И благодаря педантичным Анютиным заботам выжили, затем и намного пережили её бегония и кактусы на подоконнике. Один из кактусов даже как-то и после её смерти зацвёл, причём – в день её рождения; такая мистика… И сохранилась маленькая детская леечка.

И утюжок не пропал, хоть и с перегоревшим давным-давно плоским слюдяным элементом; миниатюрный, как подкованная блоха, реликт.

И ещё остались от Анюты театральный бинокль со следами потускневшего перламутра, крохотный, вторящий форме амфоры кувшинчик-пузырёчек от французских духов, маленькие изящные маникюрные ножницы с чуть-чуть загнутыми, остренькими кончиками, из Парижа привезённые…

– Чудеса в решете! Я с лёгким сердцем расставалась с дорогими вещами, а вот потерю мелочей каких-то всегда переносила болезненно. Но зачем они мне теперь, – вздыхала, – перекладывать из кулька в рогожку?

Повздыхав, поднимала глаза:

– Прости за сантимент. Помнишь, где мы ножнички покупали? Свернули с бульвара… Сен-Жермен?

– Нет, Распай, – уточнил Липа. И пропел строку из жестокого романса: – И с тоской я вспоминаю дни прошедшей любви.

– Прошедшей? Покорнейше благодарю.

– Ножнички? А ты могла бы вспомнить сейчас…

– В мгновение ока! Свернули с бульвара Распай, и там, за углом, был маленький, торговавший ширпотребом и всякой всячиной, всякими забавными финтифлюшками-бирюльками магазинчик… И продавец, помню, был в большой чёрной шляпе, низко надвинутой на лоб, а рядом было кафе.

– Надев широкий боливар, Онегин едет на бульвар, – комментировал, не отрываясь от бумаг, Липа.

– Но почему ты в том кафе заказал анисовку?

– Чтобы отбить навсегда охоту пить эту гадость… бр-р, аптечный запах… Но с тоской я вспоминаю дни прошедшей любви…

– Анисовка – гадость. Но ты, надеюсь, достойно воспримешь критику.

– Критику чистого разума? – опустив глаза, быстро-быстро начав писать, хитро улыбался Липа.

– Уши вянут! И прошу тебя – не паясничай!

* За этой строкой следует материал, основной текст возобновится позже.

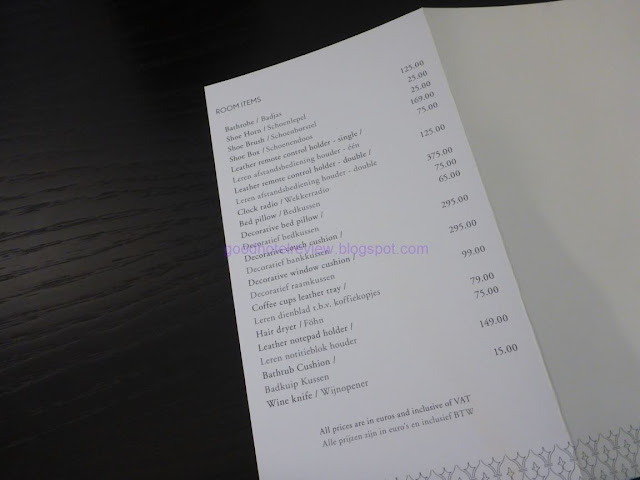 A card in the room shows the prices of the items in the minibar, as well as other items in the room.

Но чёрт с ней, гадкой анисовкой, в том кафе были, помню, чудные воздушные бисквитики с розовой и жёлтенькой сахарной глазурью.

И ещё, ещё совсем уж загадочная штуковинка отлеживалась на полке, между деревянным грибом с красной шляпкой и книжками, как о ней можно было забыть? Собственно, в штуковинку, причём в загадочную штуковинку, обычную коробочку с леденцами превратило время. Да. Анютой – хотите – верьте, хотите – нет, – с неправдоподобно давних, парижских лет почему-то сберегалась круглая металлическая коробочка с наклеенной на неё, как переводная картинка, озорной, с улыбкой до ушей и различимыми веснушками рожицей.

– Как мы спешили жить! Помню череду глупых своих желаний, всё-всё помню, будто вчера ещё ходила по магазинам – мы отправились за покупками накануне моего отъезда, а потом… – Анюта, похоже, пребывала в хорошем расположении духа. – А ты помнишь, что потом я… Я тебя из Баварии письмом известила…

– Я к вам пишу – чего же боле? Что я могу ещё сказать? Теперь, я знаю, в вашей воле меня презреньем наказать… – Липа, улыбаясь, не поднимая головы, что-то быстро-быстро строчил, строчил, так быстро, как если бы весь божественный роман в стихах в уме хотел пробежать, а цифры, которые он быстро выписывал, от звуковой поэтической пробежки по строфам-строчкам Александра Сергеевича не отставали, и вот уже он ответное послание забормотал. – Случайно вас когда-то встретя, в вас искру нежности заметя, я ей поверить не посмел: привычке милой не дал ходу; свою постылую свободу я потерять не захотел.

– Так как, Липонька, помнишь? Или ты… Не делай, прошу тебя, bonne mine! Ты, даже если мне удастся сострить, так и не улыбнёшься? И понудишь меня, забыв о кроткости, клещами слова из тебя вытягивать? Помнишь или не помнишь? Отвечай, а то достанется тебе на орехи.